Consideration of sex and ethnoracial identity

The hypothalamic pituitary adrenal (HPA) and sympathetic medullary adrenal (SMA) axes that underlie psychophysiological responses are closely interconnected with the hypothalamic pituitary gonadal (HPG) axis. Thus, individual variation in psychophysiology may be, in part, attributed to circulating concentrations of sex hormones like estrogen, progesterone, and testosterone that map onto observed sex differences. While sex as a biological variable should be considered as a covariate in analyses leveraging psychophysiological data, corresponding measurements of circulating gonadal hormones would provide more nuanced understanding of factors associated with individual variation in psychophysiological responses. Where possible, this approach to measure gonadal hormones directly could not only better tap into mechanistic features of observed sex differences, but also better represent sexually-diverse individuals (e.g., transgender individuals, intersex people) in this realm of science. For developmental research in particular, this approach, or at least the measurement of pubertal status, may be all-the-more important to capture differences/changes in psychophysiology across sensitive periods [22].

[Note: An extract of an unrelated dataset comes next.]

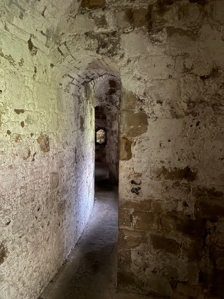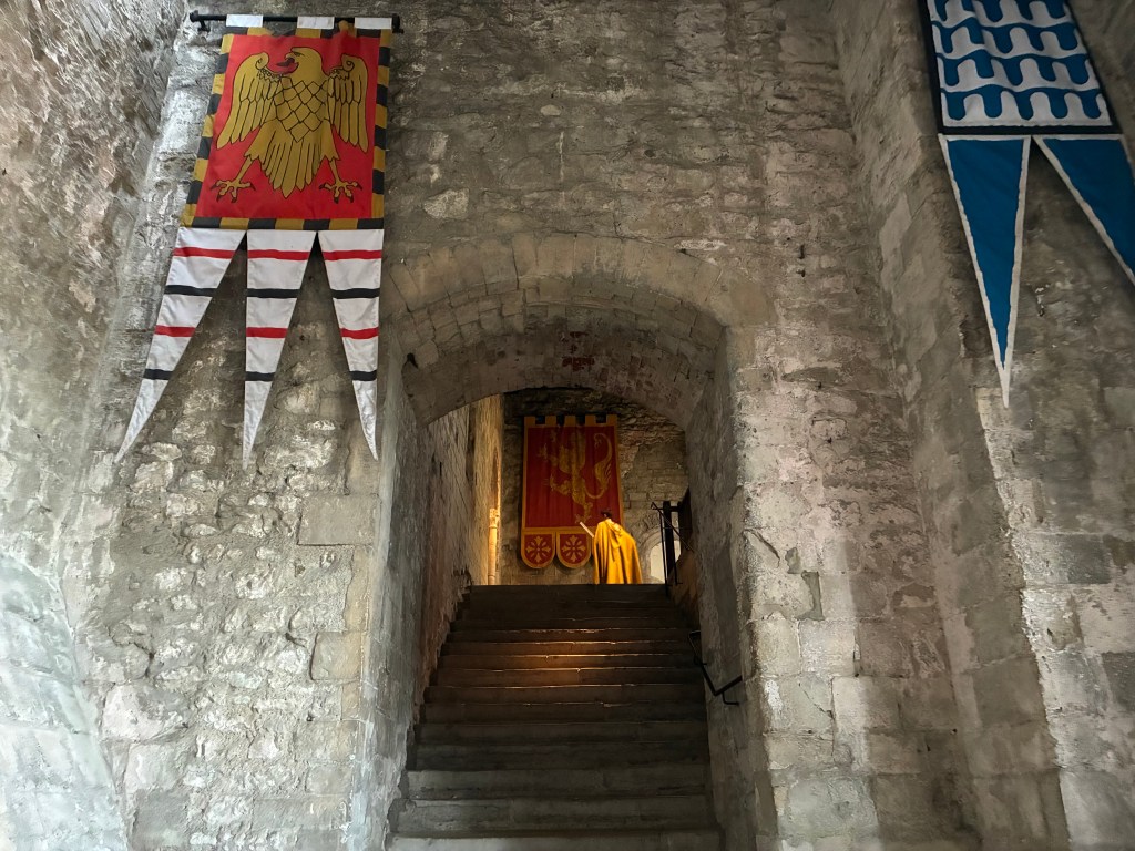 There was also an area under the castle that had a tunnel with openings to fight anyone in the moat area. Even though it went all 360 around the castle, we only explored half. The other half had a sign that said flooding. It was quite dark and I didn’t want to get my feet wet.

Race and ethnicity, or ethnoracial identity, have commonly been used as proxy variables for discrimination, socioeconomic status, cultural differences, and genetic ancestry. Race is a social construct, not a biological variable, however experiences of racism may have dramatic impacts on one’s biology—including psychophysiological responses. For example, while some literature has hypothesized skin tone or texture as a factor contributing to individual variation in psychophysiological responses like EDA, more recent studies have identified structural inequities as the cause of this observed variation [23]. Therefore, researchers and clinicians should not simply examine ethnoracial status but also consider measuring discrimination, structural inequities, and other factors that could account for observed differences in psychophysiology.

Conclusion

Biosensing is a great tool for real-time assessment of [psycho]physiology in lab, clinical, or naturalistic settings and offers insightful opportunities to advance understanding of mechanisms underlying psychopathology, behavior, and response to treatment. Numerous biosensing devices and systems are currently on the market—both consumer-facing and research grade—and choosing between options can pose challenges to researchers and clinicians. It is important to highlight that there is no perfect tool, and rather the individual needs of the user—particularly constructs of interest and contexts of use—can dictate selection. With the guidance provided herein, as well as the strategies for data collection and analytic optimization with considerations for sex and ethnoracial identity, users can more confidently integrate biosensing into their research and clinical programs.

Citation diversity statement

The authors have attested that they made efforts to be mindful of diversity in selecting the citations used in this article.